--- INFORMATION SHOWN ---
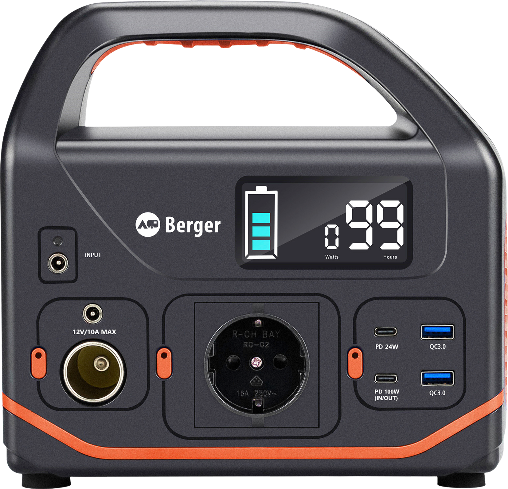 Die Berger Powerstation eignet sich ideal für die Stromversorgung unterwegs Die Berger Powerstationen bieten eine eigene Stromversorgung überall dort, wo du diese benötigst. Die Stationen verfügen über eine Vielzahl an Stromausgängen und lassen sich bequem über 12 oder 230 V aufladen. Die Powerstation BPS 300 verfügt außerdem über eine LED-Leuchte mit 3 Funktionen: Dauerlicht, Blinklicht und SOS-Notsignal. Ideal zum Laden von Laptops, Smartphones oder zum Betrieb anderer Kleingeräte unterwegs BPS300: Kapazität: 333 Wh Dauerleistung: 300 W Spitzenleistung: 600 W Ladezeit: ca. 9 h Stromaufnahme: DC: 12 V (Kfz-Stecker), 230 V Netzteil, USB-C: PD 100 W BPS1000: Kapazität: 999 Wh Dauerleistung: 1000 W Spitzenleistung: 2000 W Ladezeit: ca. 10 h Stromaufnahme: DC: 12 V (Kfz-Stecker), 230V Netzteil, USB-C: PD 100 W, Anderson Port: 25,2~30 V, 300 W max. Stromabgabe: 2x USB, 2x USB-C, 1x 230V Steckdose, 1 x 12V Kfz-Stecker USB QC3.0: 5V/3.1A 9V/2A 12V/1.5A TYPE-C PD 100W: 5V/3A 9V/3A 12V/3A 15V/3A 20V/3A 20V/5A USB-C PD 24W: 5V/3A 9V/2A 12V/2A, DC: 12V/10A Max CIG Port: 12V/10A Max Steckdose: 230V/50Hz Art Batterien und Ladegeräte: Powerstation, Ausführung: BPS 300, Gewicht: 3 kg, Kapazität (Ah): 333 Wh, Maße (LxBxH): 220 x 130 x 200 mm, Leistung (W): 300 W, Leistung: 300 W
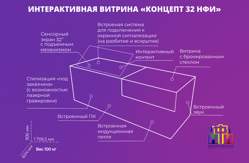 Отличительной особенностью интерактивной витрины «Концепт» 32 НФИ является индивидуальная стилизация комплекса, бронированные стекла с охранной сигнализацией и встроенная индукционная петля для слабослышащих посетителей музея.
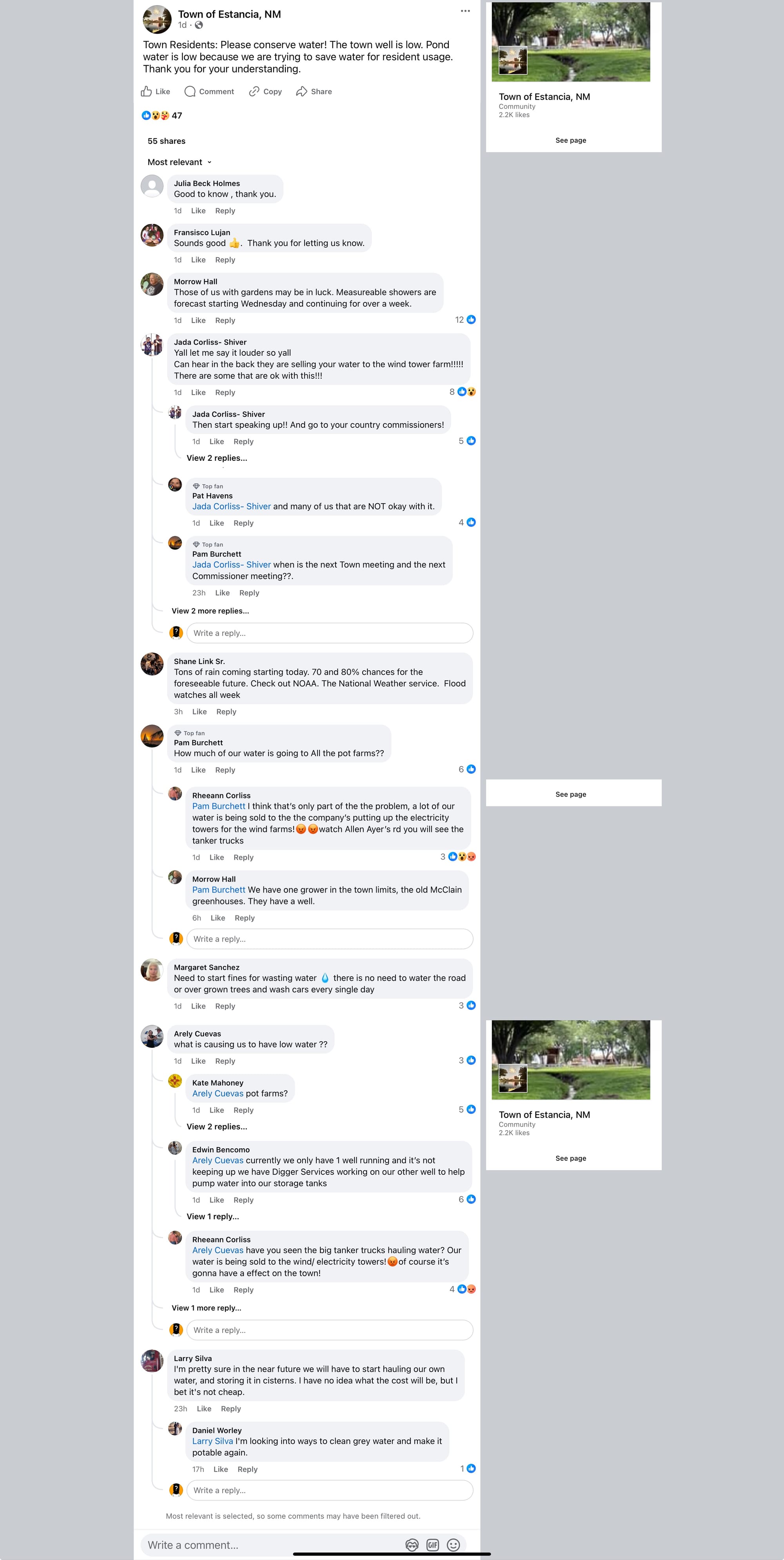 In response to the town’s notice on Facebook requesting that residents conserve water, some blamed the low water level in the residential well on the wind farms operating and under construction on the east side of Torrance County. Others blamed commercial cannabis cultivators. Estancia Trustee Morrow Hall responded to this claim by saying there was only one cannabis cultivator in town and it operated on its own well system, not on the residential water lines. County Commissioner Sam Schropp responded, "No," to the claims that selling water and cannabis cultivation were the reasons for the water shortage. Estancia resident Larry Silva commented, "I'm pretty sure in the near future we will have to start hauling our own water, and storing it in cisterns. I have no idea what the cost will be, but I bet it's not cheap."
---
An exact transcription of the material is required, without any pictures.

§ TASK RESPONSE:
 Die Berger Powerstation eignet sich ideal für die Stromversorgung unterwegs Die Berger Powerstationen bieten eine eigene Stromversorgung überall dort, wo du diese benötigst. Die Stationen verfügen über eine Vielzahl an Stromausgängen und lassen sich bequem über 12 oder 230 V aufladen. Die Powerstation BPS 300 verfügt außerdem über eine LED-Leuchte mit 3 Funktionen: Dauerlicht, Blinklicht und SOS-Notsignal. Ideal zum Laden von Laptops, Smartphones oder zum Betrieb anderer Kleingeräte unterwegs BPS300: Kapazität: 333 Wh Dauerleistung: 300 W Spitzenleistung: 600 W Ladezeit: ca. 9 h Stromaufnahme: DC: 12 V (Kfz-Stecker), 230 V Netzteil, USB-C: PD 100 W BPS1000: Kapazität: 999 Wh Dauerleistung: 1000 W Spitzenleistung: 2000 W Ladezeit: ca. 10 h Stromaufnahme: DC: 12 V (Kfz-Stecker), 230V Netzteil, USB-C: PD 100 W, Anderson Port: 25,2~30 V, 300 W max. Stromabgabe: 2x USB, 2x USB-C, 1x 230V Steckdose, 1 x 12V Kfz-Stecker USB QC3.0: 5V/3.1A 9V/2A 12V/1.5A TYPE-C PD 100W: 5V/3A 9V/3A 12V/3A 15V/3A 20V/3A 20V/5A USB-C PD 24W: 5V/3A 9V/2A 12V/2A, DC: 12V/10A Max CIG Port: 12V/10A Max Steckdose: 230V/50Hz Art Batterien und Ladegeräte: Powerstation, Ausführung: BPS 300, Gewicht: 3 kg, Kapazität (Ah): 333 Wh, Maße (LxBxH): 220 x 130 x 200 mm, Leistung (W): 300 W, Leistung: 300 W
 Отличительной особенностью интерактивной витрины «Концепт» 32 НФИ является индивидуальная стилизация комплекса, бронированные стекла с охранной сигнализацией и встроенная индукционная петля для слабослышащих посетителей музея.
 In response to the town’s notice on Facebook requesting that residents conserve water, some blamed the low water level in the residential well on the wind farms operating and under construction on the east side of Torrance County. Others blamed commercial cannabis cultivators. Estancia Trustee Morrow Hall responded to this claim by saying there was only one cannabis cultivator in town and it operated on its own well system, not on the residential water lines. County Commissioner Sam Schropp responded, "No," to the claims that selling water and cannabis cultivation were the reasons for the water shortage. Estancia resident Larry Silva commented, "I'm pretty sure in the near future we will have to start hauling our own water, and storing it in cisterns. I have no idea what the cost will be, but I bet it's not cheap."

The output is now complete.